Monday, July 18, 2011

makahiki cocktail

1 oz Ponche de Santo Antão (Cape Verdean rum liqueur)
1/2 oz Aguardiente Grogue de Santo Antão (Cape Verdean rum)
1/2 oz Clarified Sugar Cane Water
1 oz Clarified Lime Juice
1/4 tsp Kona Coffee

Paint the inside of a rocks glass with pineapple paint (sediment after centrifugal clarification, thickened with a tapioca thickener). Add crushed ice, place pineapple ring in middle, add more crushed ice. Shake ingredients with ice and double strain into glass. Pack with more ice. Garnish with a candied pineapple disk (here a charred one) and a Marasca cherry soaked in house allspice dram. Insert a straw down the middle of the glass (through the pineapple ring).
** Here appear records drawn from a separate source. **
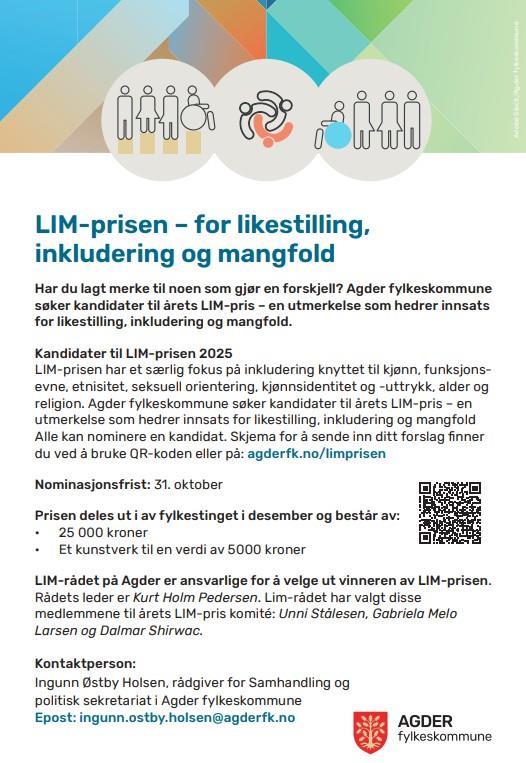 LIM-prisen for likestilling, inkludering og mangfald blir delt ut av Agder fylkeskommune kvart år. Fristen for å nominere ein kandidat er 31. oktober.
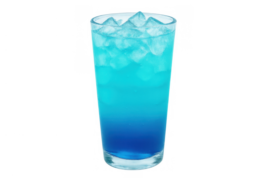 Blue drink with ice filling a tall glass, creating a refreshing light and dark blue gradient, ready for hot weather
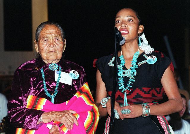KENNEDY SPACE CENTER, FLA. -- During a pre-launch Native American ceremony, Radmilla Cody (right) , the 2001 Miss Navaho Nation, sings the "Star Spangled Banner" in her native language. With her is her grandmother. The ceremony was part of several days' activities commemorating John B. Herrington as the first tribally enrolled Native American astronaut to fly on a Shuttle mission. Herrington is a Mission Specialist on STS-113.
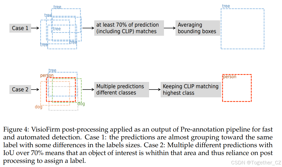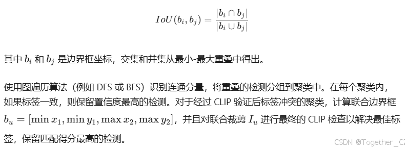VisioFirm 流程采用过滤和后处理技术来完善预标注,去除冗余并提高质量。通过 IoU-Graph 连通分量聚类解决列出的预标注之间的冗余:构建一个图 G,其中节点代表检测,边连接 IoU 大于 0.9 的配对,计算公式为:
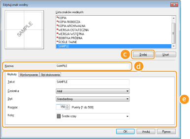 Kliknięcie tego elementu pozwala utworzyć nowy znak wodny. Można zarejestrować maksymalnie 50 znaków wodnych.
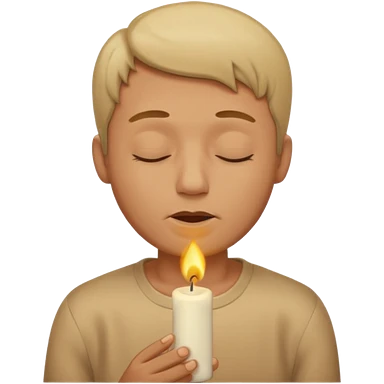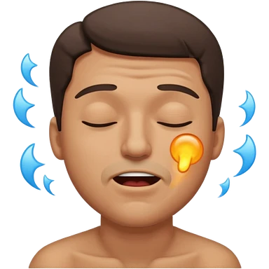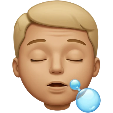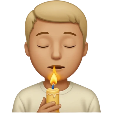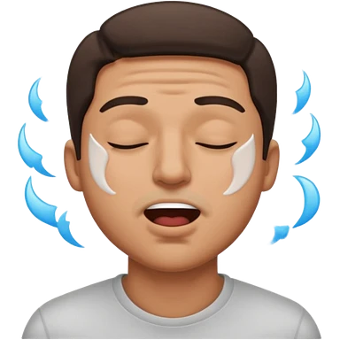 A male with closed eyes but the mouth is o-shaped blowing out emoji
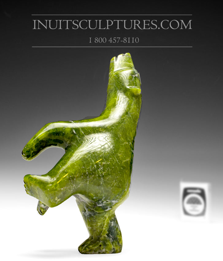 This bear was obviously carved by an artist who carefully observed the animal subjects and Loved them. Despite being carved from a large sized, heavy stone, the work has a lightness of spirit. The apple green stone is divine and electric.
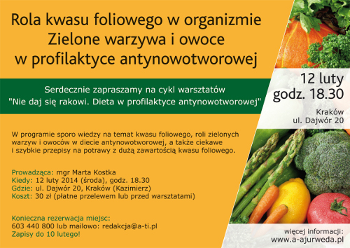 Czym jest kwas foliowy i dlaczego jest potrzebny naszemu organizmowi? Jaką rolę pełnią witaminy B6, B2 i B12 w profilaktyce antynowotworowej? Serdecznie zapraszamy na cykl warsztatów „Nie daj się rakowi. Dieta w profilaktyce antynowotworowej”, które odbędą się w Krakowie, ul. Dajwór 20 (Kazimierz). Pierwsze warsztaty będą poświęcone roli kwasu foliowego w organizmie oraz znaczenia zielonych warzyw i owoców w profilaktyce antynowotworowej. Spotkanie odbędzie się 12 lutego o godz. 18.30.
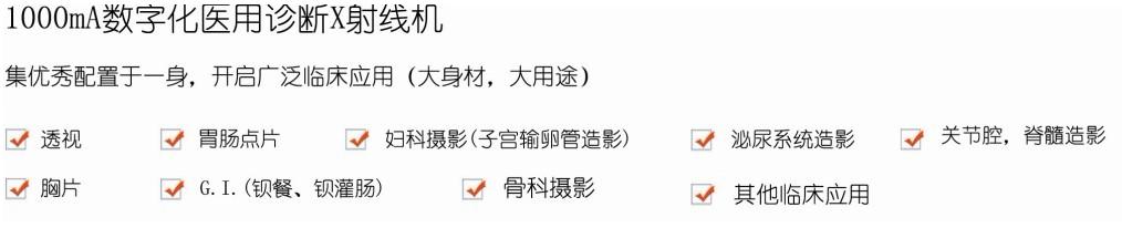 工頻胃腸機不僅僅具有這些功能,還能夠進行消化道檢查,胸部攝影,頭顱及全身骨骼攝影。胃腸造影、食道造影、脊髓造影、關節腔造影、膽道造影、支氣管造影、靜脈造影、周邊血管造影、泌尿系統造影、子宮輸卵管造影、兒科影像檢查、部分介入放射治療應用。也可以用于在透視下進行骨折整復、取異物等。
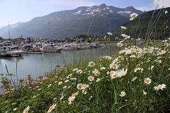 地处Prince William Sound东北角的Valdez是个雪山环拥的港口小镇,有”北美的瑞士”之美称。绿茵簇拥,冰川盖顶的座座高山半拥着风平浪静的海湾,而山水之间座落这整洁质朴的小小城镇。为了方便明天一早上船,我们扎营在离轮渡码头咫尺之遥的Bear Paw Campground。把家安顿好后我们就开始在小城闲逛,按着Lonely Planet上推荐的景点一一寻来。小镇的Small-boat Harbor是个散步的好地方,岸边野花簇簇,水中桅帆林立,沿着水边整洁的木栈道走走看看,想像一下生活在这里的闲散自在。随后去Valdez的旧城遗址凭吊一番,这座风景优美的小城实在是命运多舛。先是被1964年的大地震夷为平地,择地重建后的港口又在1989年惨遭油船倾覆的灭顶之灾,直到20年后的今天,那些泄露的原油对生态的影响还没有完全消除。小城的外围有一条滨海公路,我们也没细看就拐了上去,走着走着忽然发现GPS好象中了邪,放着笔直的大路不指示,一会儿信号丢失,一会儿显示我们已经开进了汪洋大海。一路上并无什么特别之处,水边有人钓鱼,甚至还有一片自助式的营地,风景很不错。走到半路才发现前方铁门紧闭,戒备森严,再仔细一看,发现里面原来是输油管道的终端码头。大概这里是军事重地,所有GPS才会失灵。
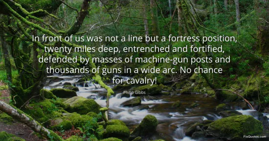 Gibbs, Philip. (2026, January 16). In front of us was not a line but a fortress position, twenty miles deep, entrenched and fortified, defended by masses of machine-gun posts and thousands of guns in a wide arc. No chance for cavalry! FixQuotes. https://fixquotes.com/quotes/in-front-of-us-was-not-a-line-but-a-fortress-91431/
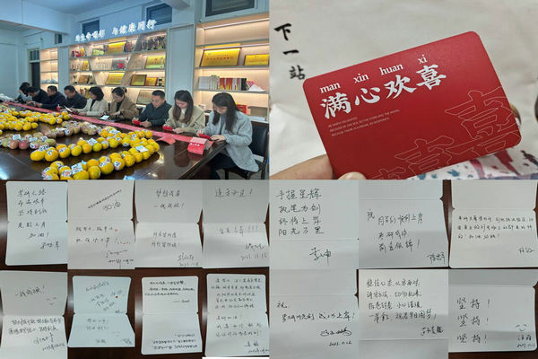 学院党政领导、班级辅导员及2023级新生等手写“加油卡”并录制视频送祝福。“长风破浪会有时,直挂云帆济沧海”“看似波澜不惊的日复一日,一定会在某一天让你看到努力的意义!冲!冲!冲!”“考研加油”……,一句句鼓励的话语,成为冬日考研倒计时里最温暖的留恋。研途漫漫,道阻且长。希望通过“加油卡”为考研学子传递祝福与期待,勇战蟾宫折桂,踔厉一举夺魁。
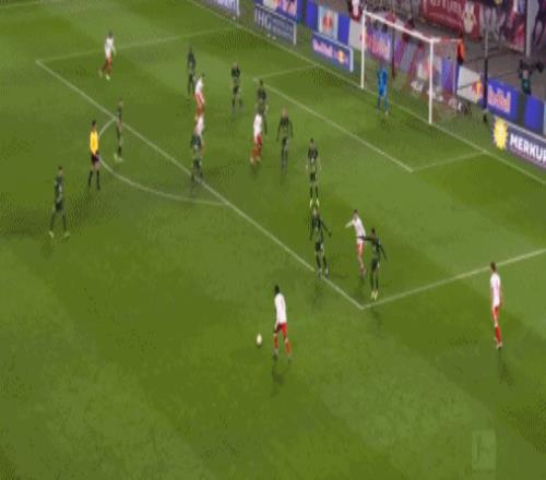 第88分钟,格鲁达禁区内兜射破门,莱比锡2-2沃尔夫斯堡
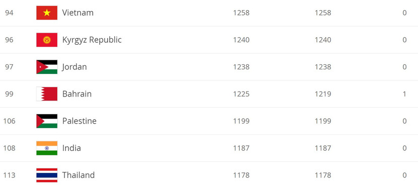 ĐT Việt Nam xếp thứ 94 thế giới và 14 tại châu Á
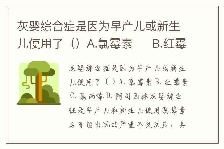 灰婴综合症是因为早产儿或新生儿使用了()A.氯霉素 B.红霉素 C.氯丙嗪 D.阿司匹林

Last time I spoke with Randy Wong, he told me that he had a drink that he wanted to make for me, so last night when we stopped by Clio, I had a chance to try it. The drink was the Makahiki Cocktail that garnered him the victory in the Dole Pineapple cocktail contest a few weeks ago. Makahiki is the Hawaiian version of Thanksgiving that occurs during harvest season, and Hawaiians show their gratitude toward their god of agriculture, fertility, and rain. In addition to the pineapple, Randy included sugar cane and coffee grown in Hawaii to round out the islander agricultural theme. Randy describes the Hawaiian symbolism in further detail on his blog.
The Makahiki Cocktail's aroma was primarily from the pineapple garnish. The sip was a light lime and pineapple flavor that had a pleasant sugar cane juice flavor to it; since the drink lacked pineapple juice, Randy explained that the pineapple flavor was from the pineapple paint slowly entering into solution. Next, the sip had a dark rum flavor from the rum, rum liqueur, and coffee. As I have seen elsewhere, coffee and lime make a good flavor pairing, and here it was similar; I say similar because clarified lime juice is a bit different from regular freshly squeezed juice. Randy explained that the drink could probably be made with fresh lime juice (and perhaps muddled pineapple at the bottom), but simple syrup would give a different flavor than the sugar cane water.

1 comment:

Ryan said...

Todd made me a version with muddled pineapple I believe since they were out of the other pineapple components and it was still quite tasty.